Stay in (regular) school

High school math teacher Jacqueline Sheppet believes taking regular semester or year-long courses will be better for students' education in the long run.

"Summer school is very brief, so the amount of depth that they can get to at summer school is pretty minimal," said Sheppet, who's taught for a decade. "It's most definitely not the same experience as a regular course."

Some students fail courses because they don't try hard enough, while others have serious learning disabilities. Sheppet said learning resource teachers, who specialize in helping students overcome learning disabilities, are in short supply in high schools -- an issue the union continues to raise at the bargaining table.

Instead of getting the help they need in the regular school year, struggling students are lumped into summer school with disengaged students who often distract the kids who need extra help.

"What [summer school] does is essentially give students a pass on paper," Sheppet said. "If a kid seriously doesn't get algebra, for example, a quick six-week, bite-sized course can't even begin to address the concerns."

Her solution is to hire more specialized teachers, and her union agrees: the B.C. Teachers' Federation is currently asking its employer for one learning assistance teacher for every 350 students, increasing to one for every 275 students by July 2016. The Tyee contacted the union for comment on summer school yesterday, but did not receive a response.
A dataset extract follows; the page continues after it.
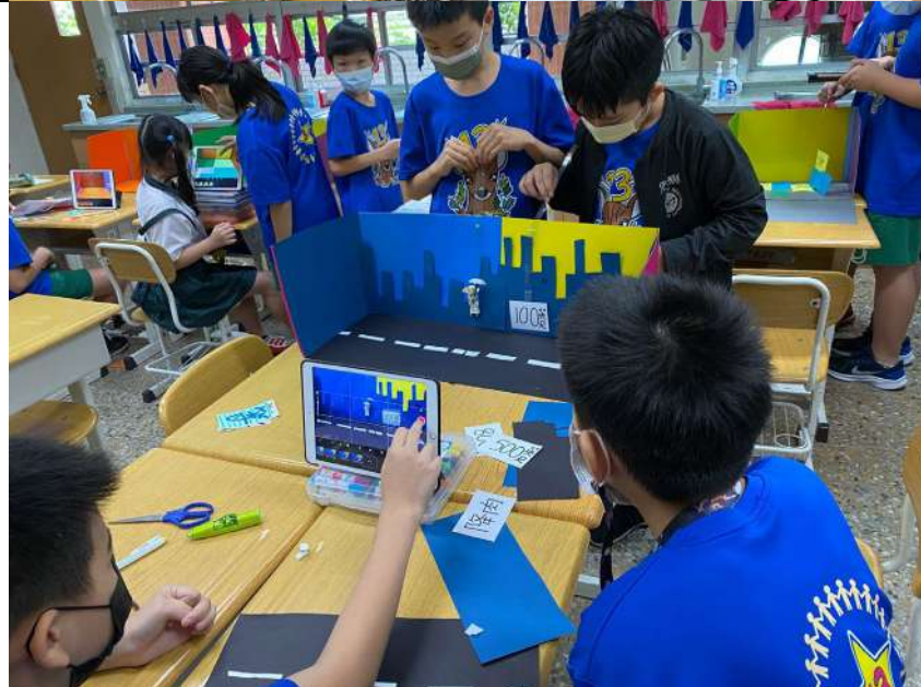
小組合作拍攝 影片

If the employers' association doesn't agree to an increase in learning assistance teachers, Sheppet said parents, students and teachers will have to get over their distaste for students having to repeat a course instead.
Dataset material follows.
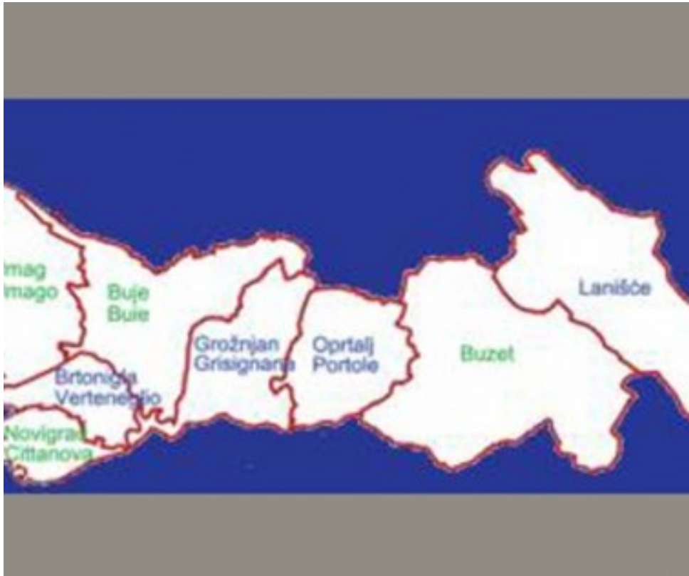
Slika 1. Grafički prikaz sjeverne i sjeverozapadne Istre

U nastavku slijedi grafički prikaz sjeverne i sjeverozapadne Istre.

"Why do we have a situation where if a kid needs to repeat a course, we make it seem like it's a huge failure on their part?" she asked. "Because they may very well have just not been ready, and when they're ready, they'll do great. If a kid truly needs help, then they need more time with the material."

No tutor advantage

Private tutors can't dole out passes or fails, but they can offer students extra help over the summer. But if summer school is cancelled, Reesa MacKinnon, a coordinator at the Teachers' Tutoring Service in the Lower Mainland, expects few students will seek tutors.
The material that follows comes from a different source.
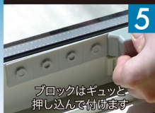
ブロックを押し付けはめる
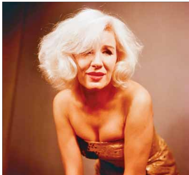
Maggie alias Marilyn Monroeová v hre Arthura Millera Po páde (1964).

"A lot of our business comes from the kids that are in summer school looking for help and exam prep," she said. "And without those things in the offing, we think we will probably [see a] decrease."

Last June, the tutoring service had 100 students sign up, and this June is set to surpass that number. But MacKinnon doesn't think they'll be able to reach the 80 students they tutored last July and August without summer school.

"We wish the strike were resolved," Mackinnon said, adding her husband is a teacher. "It's really messing up [students'] next years. It's sad."

The union and its employer have five days left to reach a negotiated agreement before the employers' $1,200 signing bonus is taken off the table, but the two sides remain far apart.

The biggest issues dividing the pair, which have been bargaining for almost 18 months, are salaries, class size and composition, and specialist teacher-to-student ratios.

As of publication, teachers are asking for a five-year contract with a $5,000 signing bonus; eight per cent wage increase, plus an annual increase equal to the difference between the predicted and the actual gross domestic product; lower class sizes; a cap on classes with more than three special needs students; and the return of specialized teacher-to-student-ratios including learning assistance teachers and teacher librarians.

In return, the employer is offering a six-year deal with a seven per cent increase or a seven year deal with an 8.5 per cent increase, while keeping class size and composition the same, and no specialized-teacher-to-student ratios.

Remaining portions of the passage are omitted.